Melihat wajah Caramel yang terkejut karena bentakkannya membuat Maulana menghela napasnya kasar. "Besok dia sekolah di tempat kamu, papa mau kamu pergi bareng dia," ujarnya lembut seperti semula.

"Dia anak orang kaya, punya supir jadi bisa pergi sendiri," jawab Caramel ketus.

"Caramel, sekali saja turuti kemauan Papa kamu." Caramel berdecih mendengar suara Anggraini yang ikut-ikutan membujuknya.

"Anggraini, sekali saja jangan ikut campur urasan keluarga saya," ucapnya dingin.

Mendengar jawaban Caramel yang tidak sopan memanggil Anggraini tanpa embel-embel Mama membuat amarah Maulana berdesir, tanganya mengepal mencoba menahan emosi.

"Anda masuk ke dalam keluarga ini sudah termasuk ikut campur urusan keluarga saya!" sambungnya lagi.

"CARAMEL CUKUP!" Tangan Maulana sudah terangkat tinggi, namun ia tahan di udara agar tidak mendarat di pipi mulus gadisnya.

"Tampar aja Pa. Benci banget sama papa," lirih Caramel. Matanya mulai berkaca-kaca. "Dan untuk anda, selamat karena telah berhasil menghancurkan keluarga ini." Cara pergi meninggalkan rumah Maulana setelah berbicara kepada Anggraini.

"Kak Caramel, tunggu!" Tanpa ada yang menyadari Axel telah menyaksikan percek-cokkan yang terjadi dari awal. Ia berlari menyusul Caramel dan mencoba mengehentikan kakaknya itu.

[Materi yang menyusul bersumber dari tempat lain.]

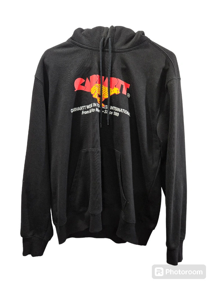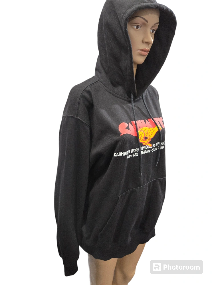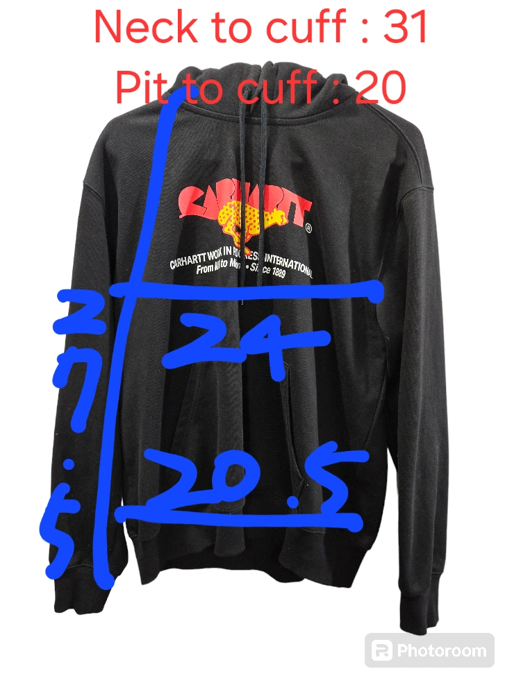 1000+**Carhartt Work In Progress Runner Hoodie** **Size:** L **Measurements:** Please refer to the image for detailed measurements. **Condition:** 8.5/10 - No visible flaws, but there are some wrinkles and minor general wear from being worn and washed. **Fabric:** 57% Cotton, 43% Polyester **Features:** - High-quality materials - Adjustable hood with drawstring - Elastic ribbed cuffs and hem - Regular fit for exceptional comfort and freedom of movement - Characteristic Carhartt branding - Loose fit - Unbrushed - Kangaroo pocket - Graphic print I am not a professional seller. I do not own a store or website. **Pick-up or Meet-up**: - Finch (Primary location for collection) - Downtown (Reserved for a designated collection day) Now Karrot lets you make a bundle. Make a bundle and I will send you an offer after the discount.

"Kak Cara, jangan benci Axel ya? Axel gak tahu apa-apa, jangan salahin Axel atas apa yang terjadi. Axel sayang dengan Kak Cara," ujarnya saat berhasil mengehentikan Caramel yang sudah berdiri di depan pagar rumah Maulana.

"Lepas Xel," lirih Cara, saat ini ia tak ingin Axel melihatnya yang sedang menangis.

Cara menghempaskan tangan Axel kasar, ia berlari kencang saat berhasil melepas genggaman Axel di lenganya, Cara menyebrangi jalan raya dengan mudah karena lampu lalu lintas sedang memancarkan cahaya merah. Namun, tanpa Cara sadari Axel terus mengikutinya dan naasnya saat Axel sedang berada di tengah jalan lampu berubah menjadi hijau. Badan Axel terpental tak jauh dari tempat ia berdiri saat sebuah motor yang melaju kencang menyenggol tubuh Axel yang kecil.

Mata Caramel membulat sempurna, ia memekik ketakutan saat melihat tubuh Axel yang sudah berlumuran darah, dengan cepat Cara berlari memecah kerumunan dan menggendong adik kecilnya menuju taksi yang kebetulan sedang menyaksikan kejadian itu.

***
"Axel?" Cara sudah menunggu Axel di rumah sakit selama dua jam. Pergerakan jari mungil Axel membuat Cara menatap wajah pucat adiknya penuh harap.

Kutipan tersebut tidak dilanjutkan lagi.